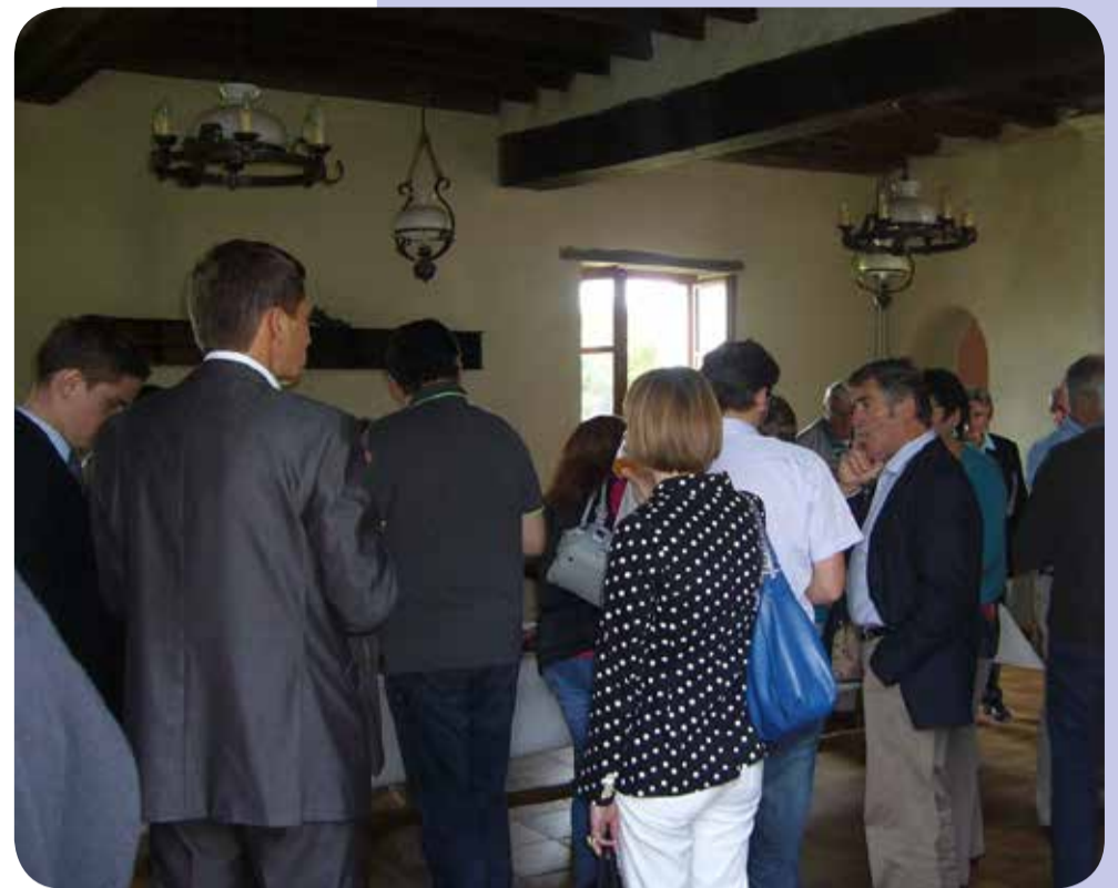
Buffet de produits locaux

══════

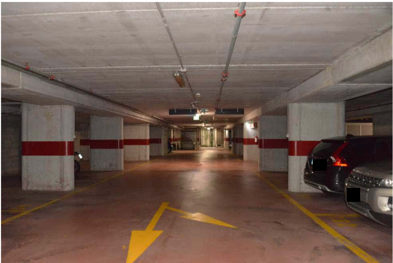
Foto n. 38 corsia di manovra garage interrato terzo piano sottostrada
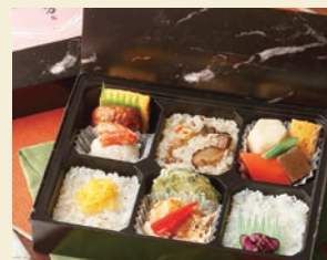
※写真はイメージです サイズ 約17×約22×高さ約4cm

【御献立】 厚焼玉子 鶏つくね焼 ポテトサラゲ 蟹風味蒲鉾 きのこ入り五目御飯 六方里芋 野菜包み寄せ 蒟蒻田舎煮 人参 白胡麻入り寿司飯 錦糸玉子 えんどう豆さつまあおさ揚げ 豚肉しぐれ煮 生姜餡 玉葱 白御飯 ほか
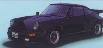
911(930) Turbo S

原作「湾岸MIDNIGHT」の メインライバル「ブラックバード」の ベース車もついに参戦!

══════

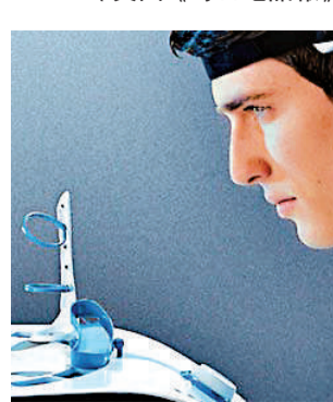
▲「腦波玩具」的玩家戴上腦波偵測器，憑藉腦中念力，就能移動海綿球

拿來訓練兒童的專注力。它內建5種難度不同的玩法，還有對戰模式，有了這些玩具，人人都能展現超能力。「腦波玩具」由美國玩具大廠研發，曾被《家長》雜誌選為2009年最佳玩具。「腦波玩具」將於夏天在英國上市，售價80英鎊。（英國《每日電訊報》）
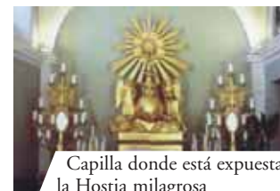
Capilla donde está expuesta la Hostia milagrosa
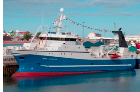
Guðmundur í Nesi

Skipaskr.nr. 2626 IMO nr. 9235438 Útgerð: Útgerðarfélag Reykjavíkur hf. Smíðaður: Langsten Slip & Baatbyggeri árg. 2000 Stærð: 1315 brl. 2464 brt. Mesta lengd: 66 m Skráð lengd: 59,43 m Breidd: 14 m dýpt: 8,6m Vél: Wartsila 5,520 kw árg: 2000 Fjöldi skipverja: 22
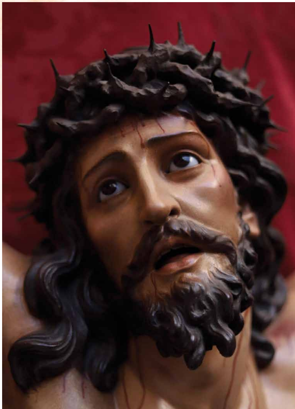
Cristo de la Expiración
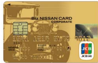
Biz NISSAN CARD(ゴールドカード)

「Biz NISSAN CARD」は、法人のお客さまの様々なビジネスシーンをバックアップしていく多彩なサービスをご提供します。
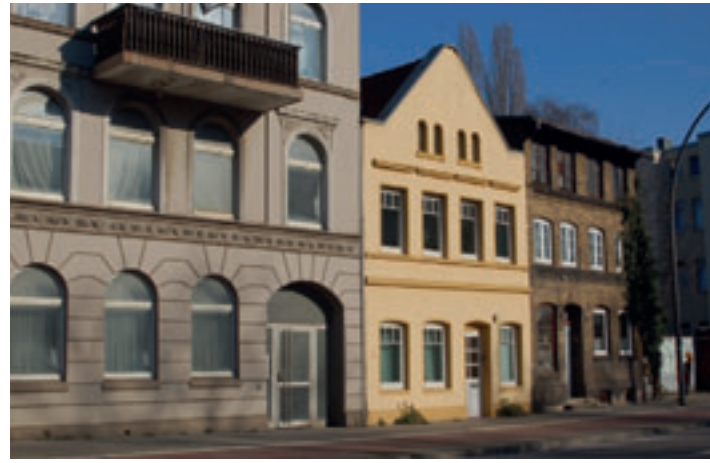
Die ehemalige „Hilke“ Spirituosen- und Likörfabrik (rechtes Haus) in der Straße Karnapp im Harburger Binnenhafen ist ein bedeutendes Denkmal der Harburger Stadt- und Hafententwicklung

══════

Work instruction – Across the entries, work out how many lines hold the word "CARD". Reply with that number only.

Exercise solution – 2